Bidding efficiently in Simultaneous Ascending Auctions with budget and eligibility constraints using Simultaneous Move Monte Carlo Tree Search
Alexandre Pacaud, Aurelien Bechler, Marceau Coupechoux
TL;DR
This work tackles efficient bidding in Simultaneous Ascending Auctions under complete information (SAA-c), where four intertwined strategic challenges—exposure, own price effect, budget constraints, and eligibility management—govern outcomes. It introduces SMS^α, a Simultaneous Move Monte Carlo Tree Search algorithm with a novel closing-price prediction method and a risk-averse reward that lets bidders trade off expected profit and risk. The method jointly handles all four strategic issues, employing a convergent closing-price predictor, a capped action-space search, and transposition tables to scale to realistic instances, and it substantially outperforms state-of-the-art bidders in extensive experiments.

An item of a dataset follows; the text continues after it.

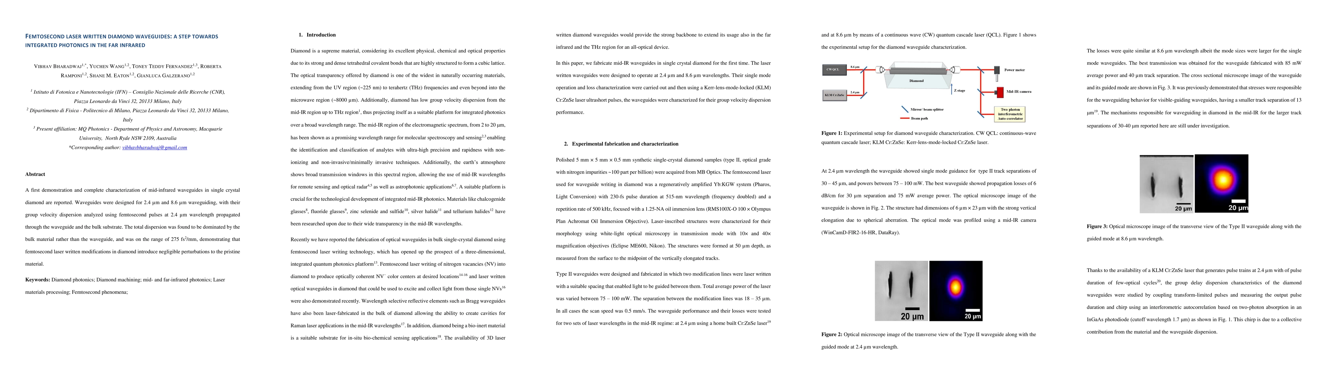 This paper demonstrates the fabrication and characterization of mid-infrared waveguides in diamond using femtosecond laser writing, showing minimal dispersion perturbations and promising the potential for integrated photonics applications in the far infrared.

The results suggest that SMS^α achieves higher expected utility with lower exposure and more efficient allocation, offering a strong benchmark for complete-information spectrum auctions and a foundation for future work on incomplete-information extensions and mechanism design analysis.
Abstract
For decades, Simultaneous Ascending Auction (SAA) has been the most popular mechanism used for spectrum auctions. It has recently been employed by many countries for the allocation of 5G licences. Although SAA presents relatively simple rules, it induces a complex strategic game for which the optimal bidding strategy is unknown. Considering the fact that sometimes billions of euros are at stake in an SAA, establishing an efficient bidding strategy is crucial. In this work, we model the auction as a $n$-player simultaneous move game with complete information and propose the first efficient bidding algorithm that tackles simultaneously its four main strategic issues: the $\textit{exposure problem}$, the $\textit{own price effect}$, $\textit{budget constraints}$ and the $\textit{eligibility management problem}$. Our solution, called $SMS^α$, is based on Simultaneous Move Monte Carlo Tree Search (SM-MCTS) and relies on a new method for the prediction of closing prices. By introducing a new reward function in $SMS^α$, we give the possibility to bidders to define their own level of risk-aversion. Through extensive numerical experiments on instances of realistic size, we show that $SMS^α$ largely outperforms state-of-the-art algorithms, notably by achieving higher expected utility while taking less risks.